Sunday, March 23, 2008

AU poised to invade rebel Comoros island of Anjouan

More than 500 African Union troops landed on the Comoros island of Moheli yesterday to join forces massed to retake the rebel island of Anjouan. 400 Tanzanian and 168 Sudanese soldiers join 500 AU soldiers as well as 400 local troops in the port town of Fomboni all poised to end the stand-off between Comoros and Anjouan. The Comoros did not recognise the re-election of Anjouan leader Colonel Mohamed Bacar in June 2007.

The AU has supported the central government in the stand-off and sponsored military support. Senegalese troops will arrive in the next few days, while Libya has provided transport assistance for the operation. Abdul Bacar Soihir, Comoros head of the cabinet, said "The invasion will be very soon." Yahya Abdallah, the Sudanese commander, said as he arrived with a deployment of paratroopers: "We are happy to be here...The Comoran people are our Muslim brothers and we are proud to be able to help them."

The Comoros is an archipelago of islands in the Mozambique Channel of the Indian Ocean between Mozambique and Madagascar. The capital Moroni is on the main island of Grand Comore and Moheli and Anjouan are the other two main islands. Each of the federation's three islands has its own president and government institutions with a rotating presidency for the over-arching Union government. A standoff between Anjouan and the other two islands has lingered since individual island elections were held in June 2007.

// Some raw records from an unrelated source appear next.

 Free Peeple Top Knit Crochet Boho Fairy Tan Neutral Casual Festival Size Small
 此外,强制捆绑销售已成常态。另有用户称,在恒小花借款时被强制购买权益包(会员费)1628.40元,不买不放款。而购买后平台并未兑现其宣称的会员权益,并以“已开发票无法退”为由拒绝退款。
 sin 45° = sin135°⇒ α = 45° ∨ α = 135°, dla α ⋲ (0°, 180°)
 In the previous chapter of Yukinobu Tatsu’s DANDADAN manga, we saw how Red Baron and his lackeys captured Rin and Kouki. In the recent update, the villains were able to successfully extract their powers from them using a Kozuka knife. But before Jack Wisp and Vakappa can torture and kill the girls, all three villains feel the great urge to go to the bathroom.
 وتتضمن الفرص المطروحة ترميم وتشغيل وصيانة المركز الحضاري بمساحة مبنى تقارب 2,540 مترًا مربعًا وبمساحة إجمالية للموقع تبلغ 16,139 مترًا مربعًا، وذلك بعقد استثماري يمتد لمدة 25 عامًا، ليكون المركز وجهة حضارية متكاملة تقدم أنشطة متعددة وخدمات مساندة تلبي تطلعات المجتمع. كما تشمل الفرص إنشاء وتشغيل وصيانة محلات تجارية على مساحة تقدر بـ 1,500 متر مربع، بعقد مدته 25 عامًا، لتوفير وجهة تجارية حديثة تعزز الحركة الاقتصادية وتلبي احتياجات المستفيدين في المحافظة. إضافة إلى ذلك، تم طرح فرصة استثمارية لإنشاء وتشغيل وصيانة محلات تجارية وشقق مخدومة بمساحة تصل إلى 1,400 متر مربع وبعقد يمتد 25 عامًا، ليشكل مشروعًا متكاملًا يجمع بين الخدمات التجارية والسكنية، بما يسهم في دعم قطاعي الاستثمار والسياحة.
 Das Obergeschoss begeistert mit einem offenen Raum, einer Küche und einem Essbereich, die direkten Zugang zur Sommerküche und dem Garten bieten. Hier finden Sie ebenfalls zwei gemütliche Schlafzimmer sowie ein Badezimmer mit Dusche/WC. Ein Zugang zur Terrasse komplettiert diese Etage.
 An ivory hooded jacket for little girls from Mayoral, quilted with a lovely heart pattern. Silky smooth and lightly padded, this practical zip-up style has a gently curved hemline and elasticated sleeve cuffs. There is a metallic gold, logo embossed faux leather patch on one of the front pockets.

Anjouan is ruled by Mohamed Bicar. Bicar is a former chief of police on Anjouan and took part of a military coup in August 2001 after which he became the head of the country. Bacar has ruled Anjouan outright since 2002, but his re-election in June 2007 was deemed illegal by both the central authorities and the AU citing irregularities and intimidation in the run-up to voting. However Bacar went ahead with the ballot printing his own papers and has since defied calls for him to stand down.

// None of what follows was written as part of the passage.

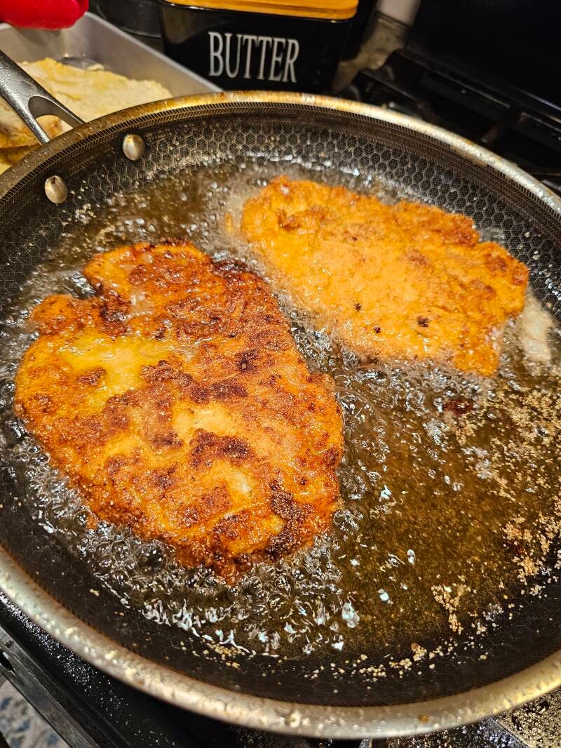 10. Working in batches, fry the pork chops for about 3 minutes per side, or until golden brown.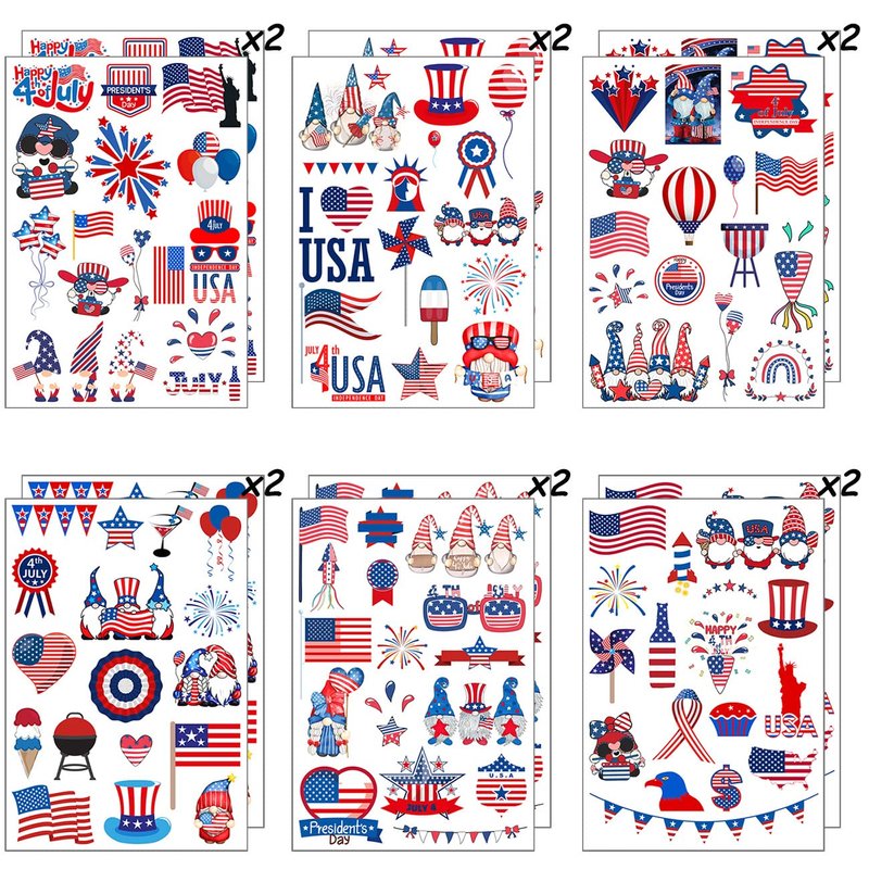 - 4th of July Party Favors: The package comes with 12 sheets different 4th of July tattoos stickers, enough for sharing with your friends or family; These 4th of July temporary tattoos will add more fun to your Independence Day-themed birthday party, making your party more attractive and leaving a deep impression on your guests.

The central government has said it will try Bicar for war crimes and crimes against humanity unless he flees. A Government spokesman said Bacar had committing atrocities against residents of Anjouan, and was responsible for abuse and torture by his security forces. Over two thousand refugees fleeing to Grande Comore have given firsthand accounts of atrocities including torture, rape and burning.

These abuses have worsened since the Moroni Government announced its plan to reclaim the island on 31 January. Comoros Education Minister Abdoulrahime Said Bacar said the government had no alternative after sanctions against Anjouan failed to have any impact. "The army is well prepared, psychologically ready and has the necessary materials, I am confident,” he said. “We want to organise elections."

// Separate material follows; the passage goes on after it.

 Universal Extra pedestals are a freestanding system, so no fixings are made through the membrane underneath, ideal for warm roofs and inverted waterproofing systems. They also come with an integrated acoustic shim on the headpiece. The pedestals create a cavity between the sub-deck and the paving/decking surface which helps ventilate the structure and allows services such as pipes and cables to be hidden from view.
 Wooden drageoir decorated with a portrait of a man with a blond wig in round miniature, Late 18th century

The Comoros has endured 19 coups or coup attempts since it gained independence from France in 1975 after 130 years of colonial rule. In 1997 Moheli and Anjouan seceded from Grand Comore after a failed attempt by the government to re-establish control over the rebellious islands. The current federal system has been in place since 2002 when a new constitution, brokered by the Organisation of African Unity (predecessor of the AU), mandated the election of a President of Anjouan along with presidents for the other two islands and a federal president. The 830,000 people of the Comoros are among the poorest in Africa and are heavily dependent on foreign aid.